The paper tackles the temporal collapse problem in DETR-based models for Temporal Action Detection, where self-attention modules focus on few elements, degrading performance; the proposed Self-DETR framework uses cross-attention maps to reactivate self-attention, resolving this issue and maintaining high attention diversity across layers.
Temporal Action Detection (TAD) is challenging but fundamental for real-world video applications. Recently, DETR-based models have been devised for TAD but have not performed well yet. In this paper, we point out the problem in the self-attention of DETR for TAD; the attention modules focus on a few key elements, called temporal collapse problem. It degrades the capability of the encoder and decoder since their self-attention modules play no role.

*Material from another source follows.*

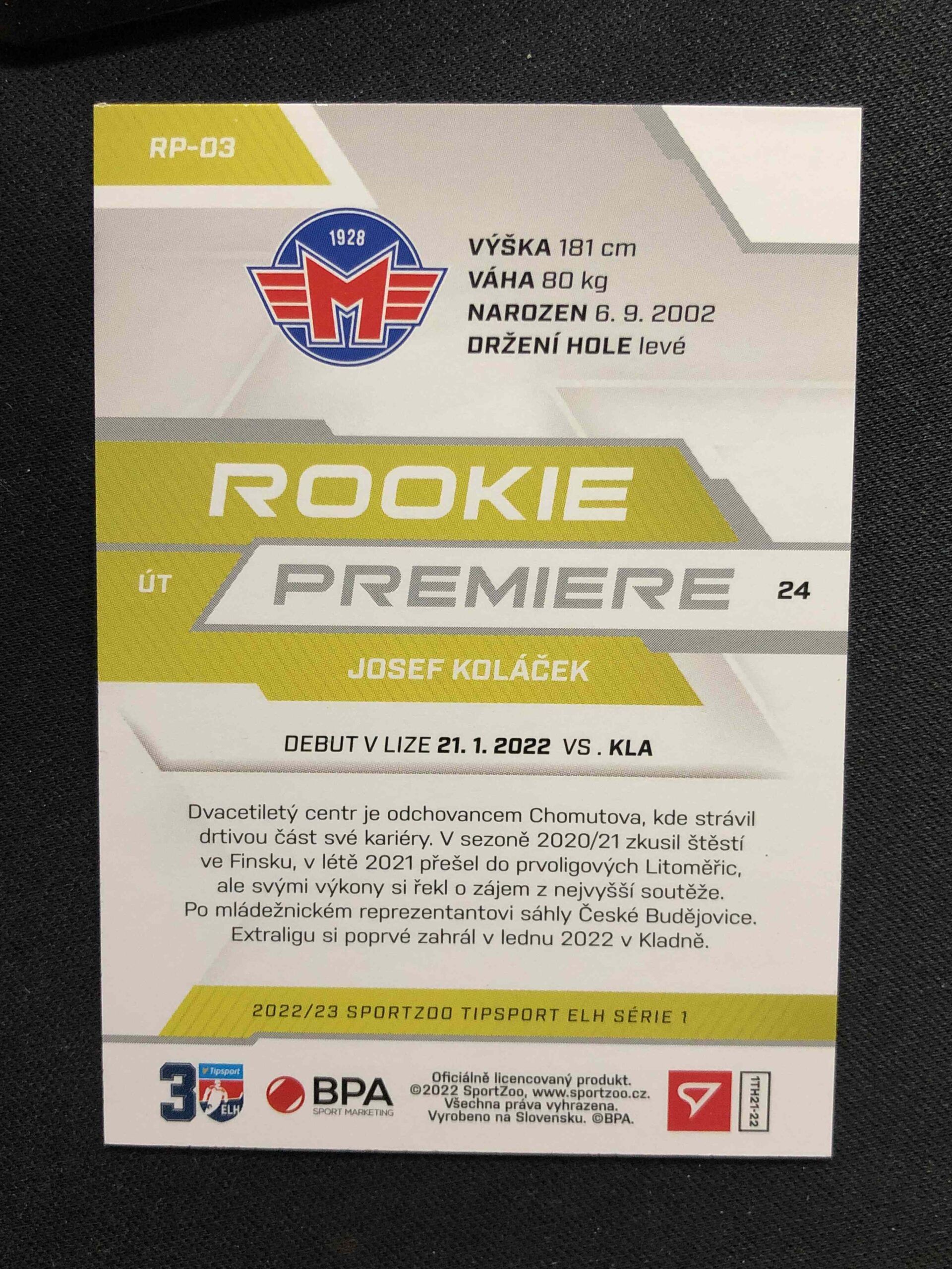 2022/2023 Sportzoo Serie 1 Rookie Premiere Limited RP-03 Josef Koláček Inzert 027/149

To solve the problem, we propose a novel framework, Self-DETR, which utilizes cross-attention maps of the decoder to reactivate self-attention modules. We recover the relationship between encoder features by simple matrix multiplication of the cross-attention map and its transpose. Likewise, we also get the information within decoder queries. By guiding collapsed self-attention maps with the guidance map calculated, we settle down the temporal collapse of self-attention modules in the encoder and decoder. Our extensive experiments demonstrate that Self-DETR resolves the temporal collapse problem by keeping high diversity of attention over all layers.